Mal schnutig, mal melodisch, immer fidel

Eine Nummer sei ihr besonders wichtig, sagt sie, die nach ihrer Rolle in der ZDF-Kinderdetektiv-Serie "Die Pfefferkörner" als Neunjährige ihren ersten Burnout hatte: "Es wird viel zu wenig über Depressionen gesprochen." Hm, den Eindruck muss man nach all den aktuellen Künstler-"Beichten" zwar nicht haben. Aber sie singt "Nicht allein" berührend, begleitet sich allein am Klavier, um zu zeigen, wie ernst ihr das ist.

Was hilft? In dem Alter denkt man noch: saufen. Also, was reimt sich alles auf Lillet, Gin, Kir Royal und Limoncello? Nina Chuba rappt es vor, mal schnutig, mal melodisch, mal peitschend, immer fidel.
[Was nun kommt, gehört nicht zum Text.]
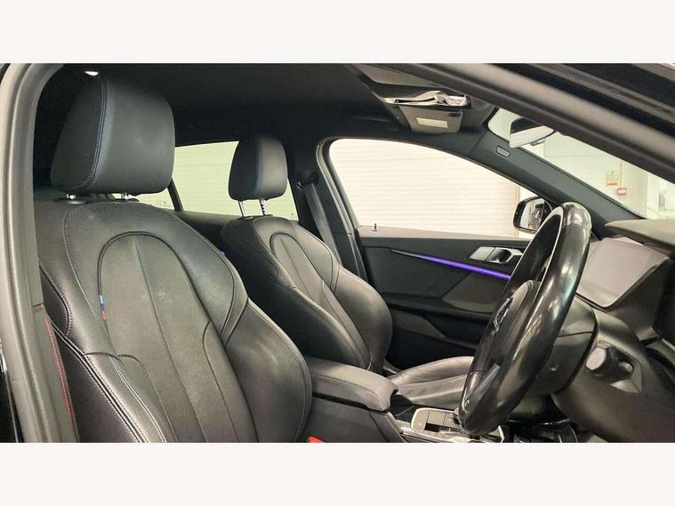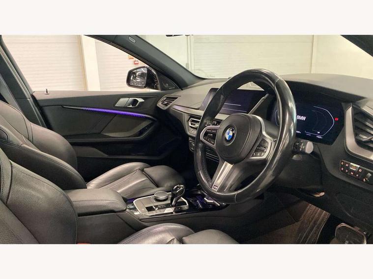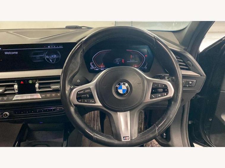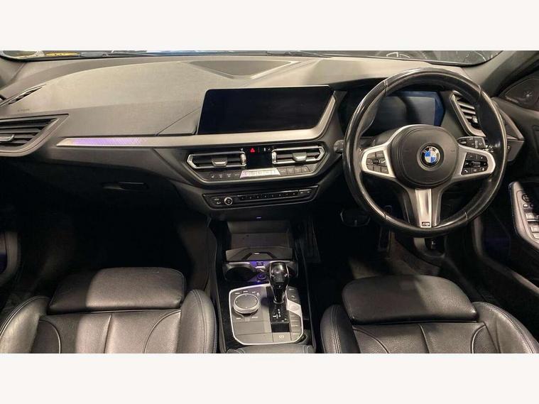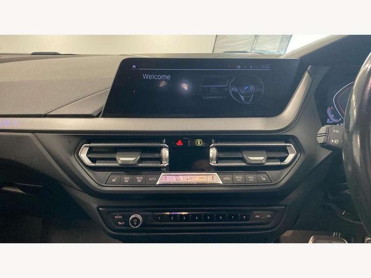 Active guard plus, Attentiveness assist, BMW Online services, BMW Teleservices, Check Control warning system for monitoring of lights and door/luggage compartment open warning, Connected eDrive Services, Eco pro mode, Integrated owners handbook, Oil sensor for level and grade, On board computer, Optimum shift indicator, Personal Profile, Pull away assistant, Speed limiter, Aluminium lightweight construction, Anti roll bar front and rear, Balancer shaft, Diesel particulate filter, Drive Performance Control, Electronic differential lock, M sport suspension, Bluetooth audio streaming, DAB Digital radio, Auto dimming rear view mirror, Automatic headlight beam throw control, Automatic windscreen wipers and automatic headlight, Body colour door handles, Body colour mirror caps, Chrome 'M' logo side designation, Chrome exhaust tailpipe in single, round (Exhaust tailpipe, stainless steel - single, round), Chrome kidney grille frame with Satin Aluminium struts, Direction indicator side lights in exterior mirrors, Electric folding and anti dazzle exterior mirrors, Fading support, Follow me home headlights, Front and rear bumper system with replaceable deformation elements, Front and rear electric windows with open and close fingertip control, anti trap facility and comfort closing, Front door sill finishers in black plastic with M designation in metallic look, Green tinted heat protection glazing, Heated, electrically adjustable exterior mirror aspheric on driver side, convex on passenger side, High gloss shadowline window frame, Recess cover mirror frames and B/C pillar embelisher trim, High level third brake light, LED daytime running lights, LED eyebrow turn indicators, LED front fog lights, Lightweight engineering, Matt black air guide grilles, Model designation on right side of tailgate, Nearside reverse light in rear light cluster, Preparation for high beam assistant, Rain sensor including auto headlights activation, Rear fog lights, Rear window wiper, Shark fin antenna, Visible VIN plate, Welcome lighting, 12V power socket in centre console, 3 rear seat head restraints, 3 spoke M sports design leather steering wheel finished in nappa leather with specific M badge, Anthracite headlining, Anthracite Velour floor mats, Child seat ISOFIX attachment for two outer rear seats and front passenger seat with anchorage points, Conditioned based service, Dakota leather upholstery with perforation and contrast stitching, Driver and front passenger seat heating, Folding rear clothes hook, Four grab handles integrated in roof lining, Front and rear door pockets, Front and rear door pockets with bottle holders, Front and rear side armrest integrated into door trim, Front armrest foldable with integrated storage compartment, Front sports seats with electric side bolster adjustment, Glove compartment, Height adjustable front head restraints, Manual adjust steering wheel, Multi-function controls for steering wheel, Storage compartment in centre console, Sun visors with vanity mirrors and insert tab, Two zone automatic air conditioning, Additional interior lighting pack - 1 Series, Connected pack professional - 1 Series, Extended storage pack - 1 Series, Interior lights pack - 1 Series, Luggage compartment pack - 1 Series, M Sport exterior styling aerodynamics pack - 1 Series, 2 tone horn, 3 point seatbelts on all seats, front pyrotechnic belt tensioners, stopper and belt force limiters, rear coded belt buckles, Airbags - front driver/passenger, front & rear curtain, front side, Anti lock braking system (ABS) with brake assist, BMW emergency call, Brake drying, Braking readiness, Crash sensor activating central locking release, hazard warning lights, fuel cut off, interior lighting + activation of safety battery terminal clamp, Driver and front passenger seat belt security check, Dynamic stability control + (DSC+), Dynamic Traction Control - DTC, Electrically operated hand brake, Front and rear disc brakes, Front passenger manual airbag deactivation, Seatbelt warning, Side impact protection, Tyre pressure monitoring system, Warning triangle and first aid kit, Automatic drive away locking facility, Central locking switch for all doors, fuel filler cap and luggage compartment, Deadlocking function system to all doors, Incorrect fuel protection system, Locking wheel bolts, Remote control with integrated key with High-gloss Black inlay and M designation and 1 button for open/ close lock, window, open luggage compartment, Start/stop button with comfort go keyless engine start and auto start stop deactivation button, Thatcham Cat.1 alarm and immobiliser, Contrast stitching on instrument panel, Reduced rolling resistance tyres,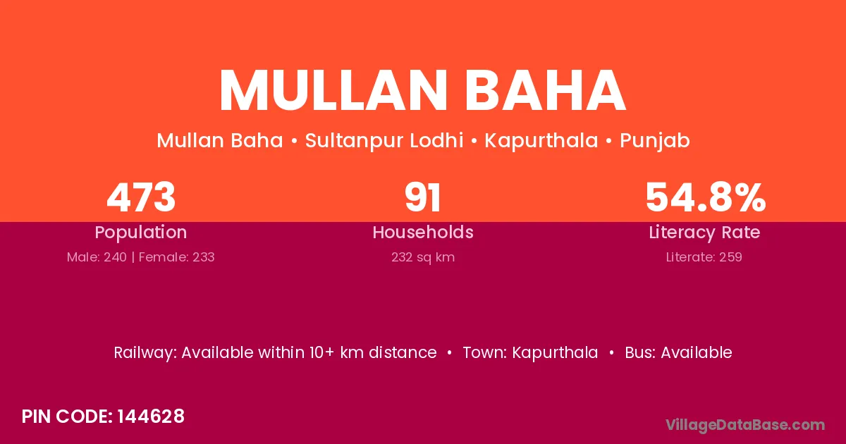 Mullan Baha village has a total population of 473 people, of which 240 are males and 233 are females.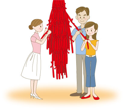 | 良縁成就・恋愛成就を祈願します。恋愛・結婚はもちろん、 仕事や友人など、赤い糸が大切なご縁を結びます。 |

Zu schön variablem Sound von Seeed-Dancehall bis Industrial-Techno schlängelt sie sich im bauchfreien Top, schwingt die hüftlangen Bommel-Zöpfe und schwenkt animierend die Arme wie im "Oberbayern" in El Arenal. Für den Party-Moment passt das, für noch größere Hallen muss mehr kommen. In der Tonhalle ist schon für den 7. Mai 2024 im Zenith plakatiert.